大学で東京に出てきてから、新宿のどこかの映画館でリバイバルを観て、初めて冷静にこの映画の凄さを理解した私は、どこでも上映されるたびに飛んで行った。就職してビデオデッキが登場した後、しばらくして安くなったところで購入。『オズの魔法使』がVHSで購入できると知った時の喜びは再度言葉にできず。

ほぼ毎日会社に行く前、これから待ち受けている辛い思いを少しだけでも和らげようと、特にお気に入りのパートを10分だけ視聴。それを見ていた妻は薄気味悪かったらしいが、それで会社に行ってくれるんだからと、あえて家庭争議にはしなかったと言う。その後も本だ、ビデオだ、CDだ、DVDだと新しいアイテムが登場するごとに全て購入。

1939年製作の作品。
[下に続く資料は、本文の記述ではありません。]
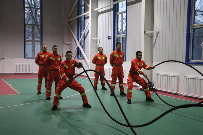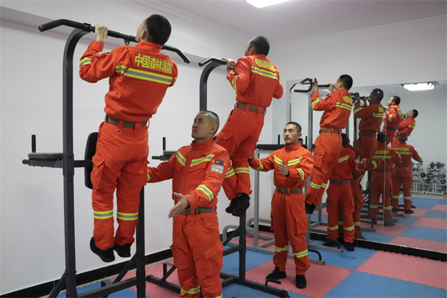 本网讯:(周宇)为进一步打牢队员体能素质基础,全面提升体能训练水平,近日,新疆阿勒泰地区森林消防支队富蕴大队扎实开展体能训练。

よくこんなものを作る国と戦争をしたもんだと、変なところで大日本帝国の無謀さ加減を理解した次第。

私は『オズの魔法使』という映画が死ぬほど好きだが、当時のジュディ・ガーランドがそこまで好きだったわけではない。可愛くて、勇気があって、歌が上手くて、ボロ雑巾みたいな犬・トトと仲がいいドロシーに強い親近感を持ったが、それこそキャスティングの妙で突然発現したスターだった。

際立った美人になるという予感もなかったし、どちらかと言えば隣の美代ちゃん的な、体重は気にしてないから、という雰囲気の話しかけやすさを感じていたが、それが違っていたんだから、アメリカのエンターテインメントの世界は不可解である。

誰がジュディを殺したか

第92回アカデミー賞で主演女優賞を獲得した『ジュディ 虹に彼方に』は全然サスペンス映画ではないが、なぜジュディ・ガーランドが47歳の若さでボロボロの身体となり、この世を去れなければならなかったかという疑問を解いてくれる。

『ジュディ 虹の彼方に』©Pathe Productions Limited and British Broadcasting Corporation 2019

『オズの魔法使』撮影当時、ジュディはおそらく15~16歳くらい。子供である。食べたい、寝たい、遊びたい。しかし、彼女が所属していたMGMにとっては金の卵を生み出す鶏。そんな「ワガママ」を許してはおけない。やる気を出させる興奮剤を飲ませ、同時に寝られるように睡眠薬も処方し、太りやすい体質だった彼女に減量剤(アンフェタミン、覚醒剤である)をも投与する。ジュディは10代にして大スターとなり、ジャンキーにもなってしまった。

ある時点までは出演作品が公開され、順調に見える。1944年の『若草の頃』ではドロシーはすっかり垢抜けて綺麗になり、歌も他に追随を許さないほどの熟練さを身につけている。1948年の『イースター・パレード』ではフレッド・アステアと対等に歌と踊りをこなしている。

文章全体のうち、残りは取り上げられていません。